## TASK ITEM
Exclude the pictures, and otherwise reproduce the data in full.

## SUPPLIED MATERIAL

* * * * *

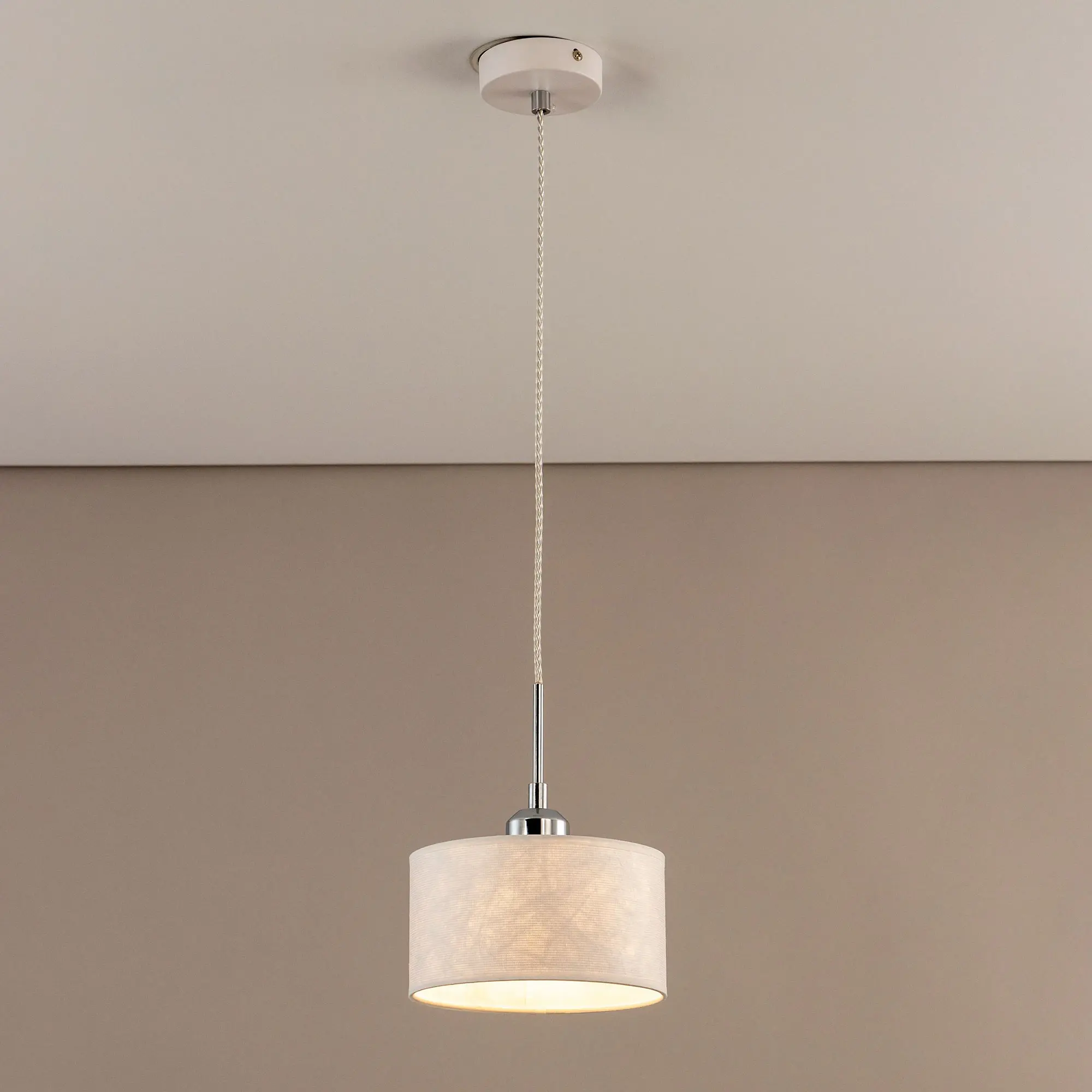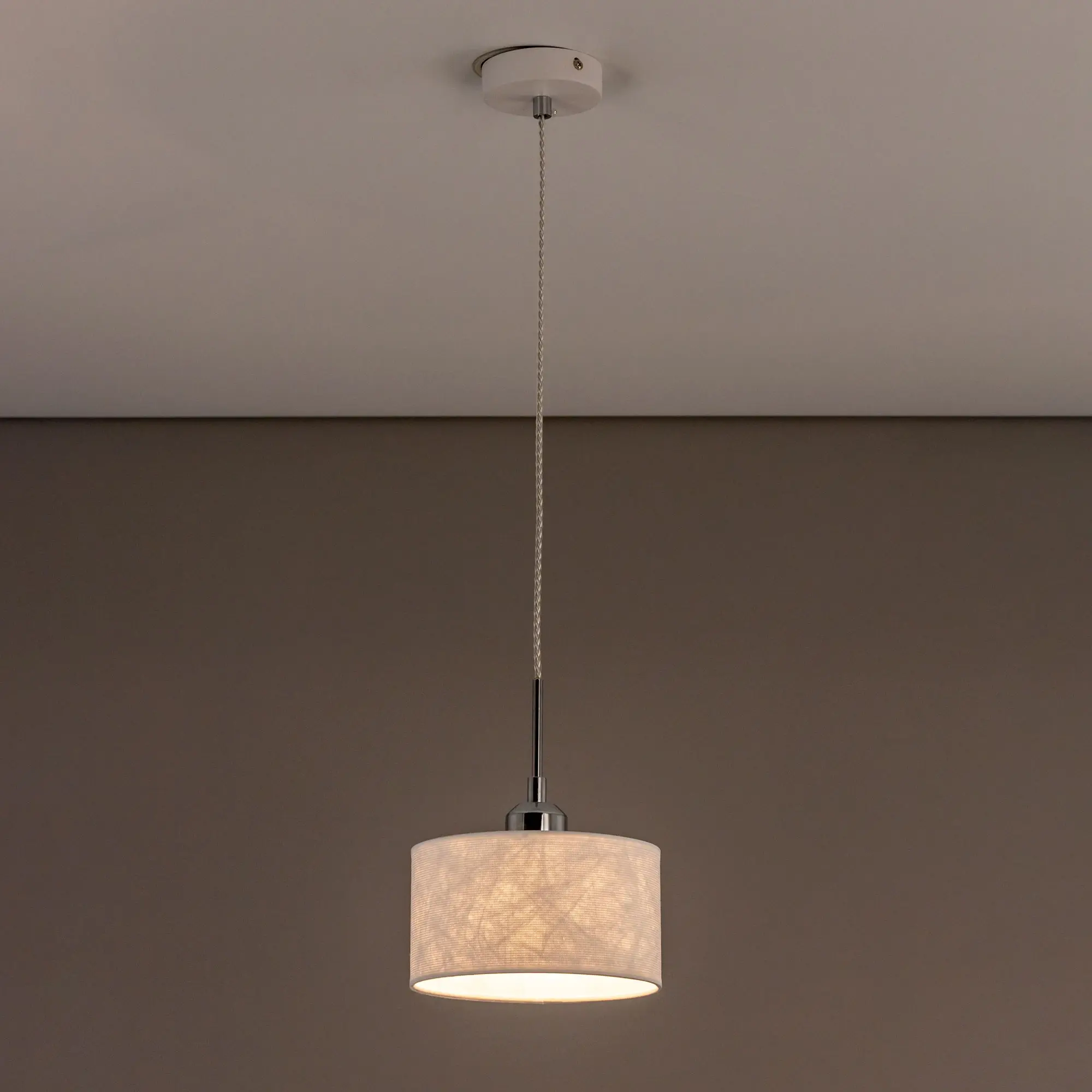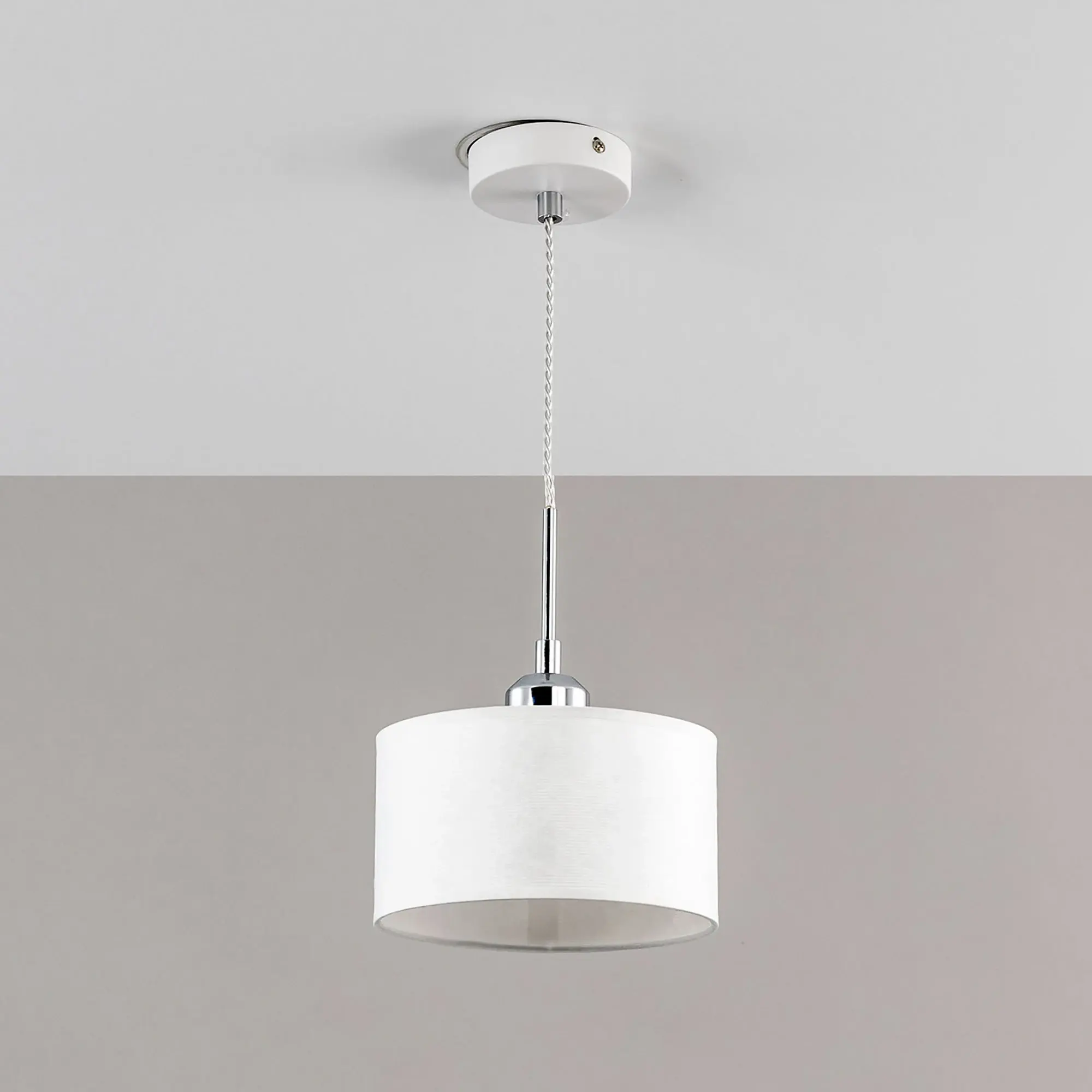 Современный подвесной светильник Citilux Тильда CL469110 для стильных интерьеров, оформленных в светлых тонах. Корпус металлический, цвет белый матовый с декоративными хромированными элементами. Абажур цилиндрической формы, изготовлен из текстурной ткани на подложке из оптического полимера. В изделии используется лампа с цоколем Е27, максимальной мощностью для ламп накаливания 75Вт. Светодиодные лампы можно применять более яркие. Подходит для всех типов потолков, в том числе натяжных. Тип крепления – планка. Диаметр 18см, высота регулируется в диапазоне 27-125см, осветит около 3,5м²
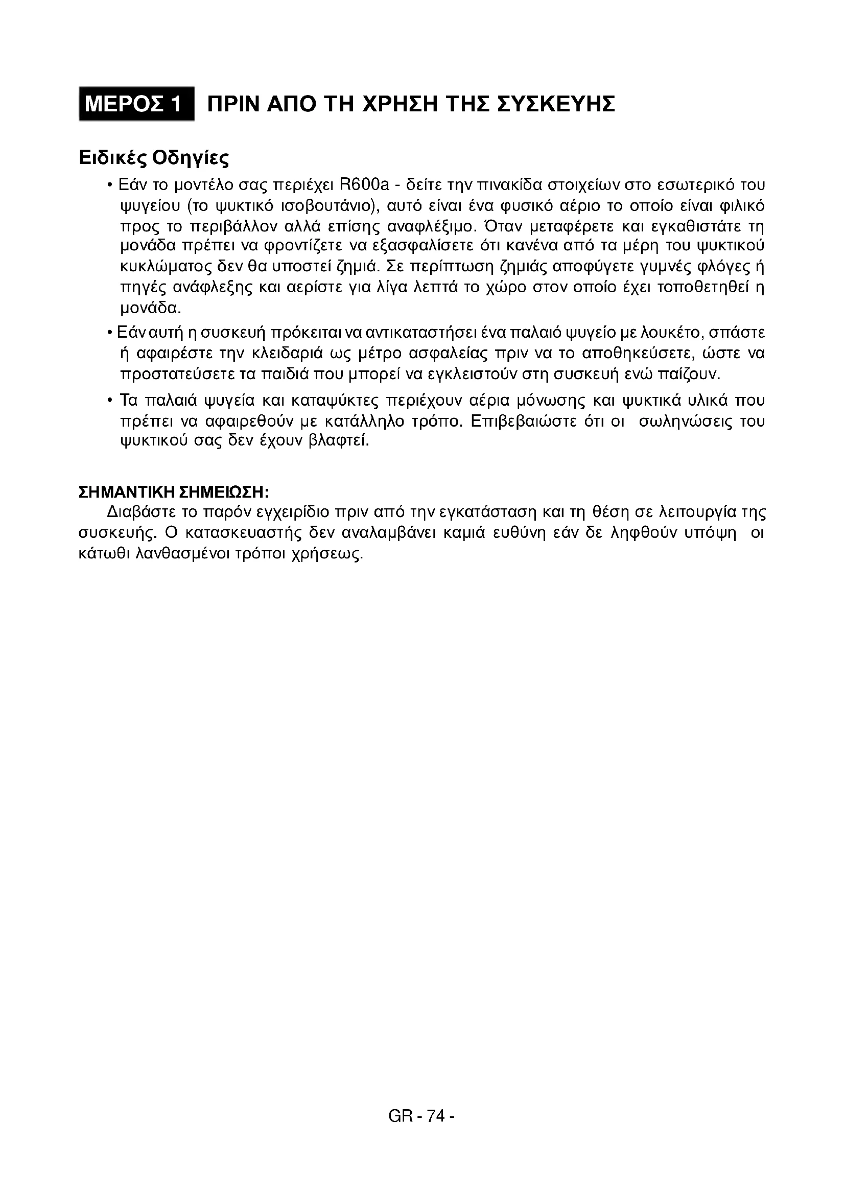 - Τα παλαιά ψυγεία και καταψύκτες περιέχουν αέρια μόνωσης και ψυκτικά υλικά που πρέπει να αφαιρεθούν με κατάλληλο τρόπο. Επιβεβαιώστε ότι οι σωληνώσεις του ψυκτικού σας δεν έχουν βλαφτεί. ΣΗΜΑΝΤΙΚΗ ΣΗΜΕΙΩΣΗ: Διαβάστε το παρόν εγχειρίδιο πριν από την εγκατάσταση και τη θέση σε λειτουργία της συσκευής. Ο κατασκευαστής δεν αναλαμβάνει καμιά ευθύνη εάν δε ληφθούν υπόψη οι κάτωθι λανθασμένοι τρόποι χρήσεως. PDF created with pdfFactory Pro trial version www.pdffactory.comGR - 75 -
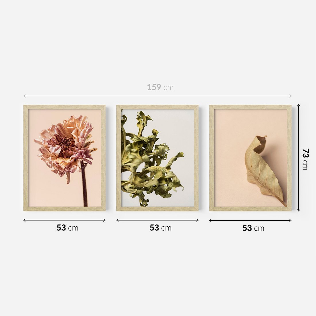 Zestaw obrazy w ramie 50x70 galeria - Minimalistyczne, suszone, kwiaty, boho - rama drewno
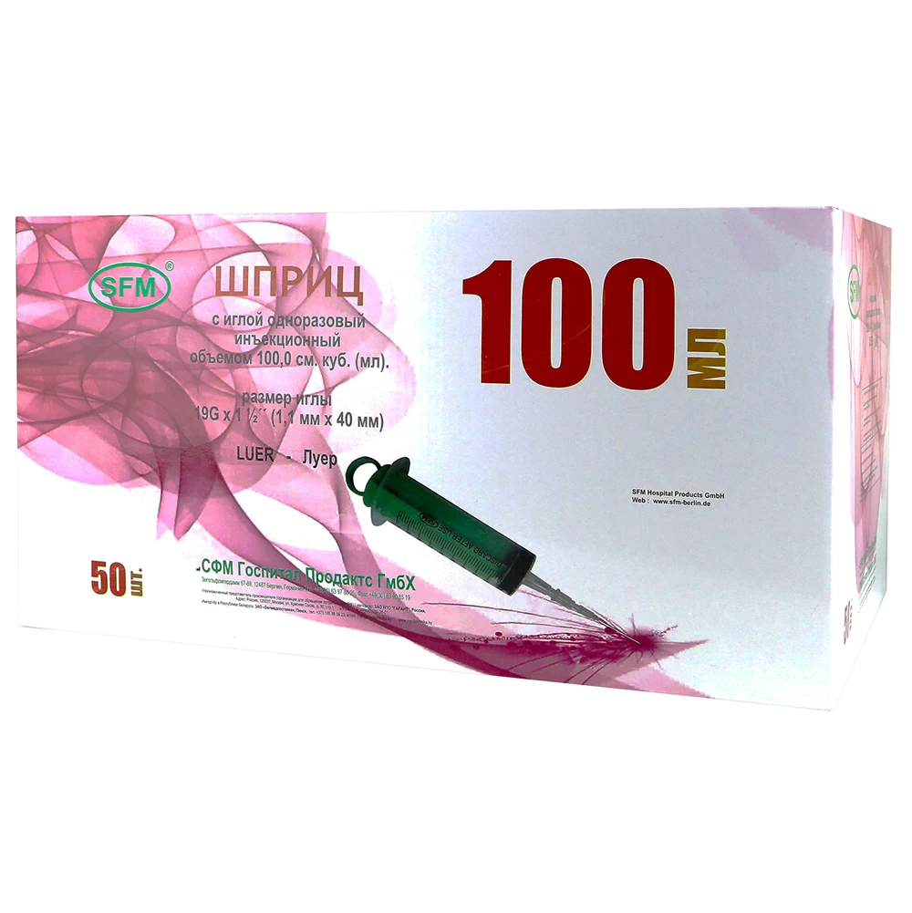 - Шприц объемом 100 мл однократного применения с приложенной иглой.

* * * * *

## EXPECTED ANSWER
 Современный подвесной светильник Citilux Тильда CL469110 для стильных интерьеров, оформленных в светлых тонах. Корпус металлический, цвет белый матовый с декоративными хромированными элементами. Абажур цилиндрической формы, изготовлен из текстурной ткани на подложке из оптического полимера. В изделии используется лампа с цоколем Е27, максимальной мощностью для ламп накаливания 75Вт. Светодиодные лампы можно применять более яркие. Подходит для всех типов потолков, в том числе натяжных. Тип крепления – планка. Диаметр 18см, высота регулируется в диапазоне 27-125см, осветит около 3,5м²
 - Τα παλαιά ψυγεία και καταψύκτες περιέχουν αέρια μόνωσης και ψυκτικά υλικά που πρέπει να αφαιρεθούν με κατάλληλο τρόπο. Επιβεβαιώστε ότι οι σωληνώσεις του ψυκτικού σας δεν έχουν βλαφτεί. ΣΗΜΑΝΤΙΚΗ ΣΗΜΕΙΩΣΗ: Διαβάστε το παρόν εγχειρίδιο πριν από την εγκατάσταση και τη θέση σε λειτουργία της συσκευής. Ο κατασκευαστής δεν αναλαμβάνει καμιά ευθύνη εάν δε ληφθούν υπόψη οι κάτωθι λανθασμένοι τρόποι χρήσεως. PDF created with pdfFactory Pro trial version www.pdffactory.comGR - 75 -
 Zestaw obrazy w ramie 50x70 galeria - Minimalistyczne, suszone, kwiaty, boho - rama drewno
 - Шприц объемом 100 мл однократного применения с приложенной иглой.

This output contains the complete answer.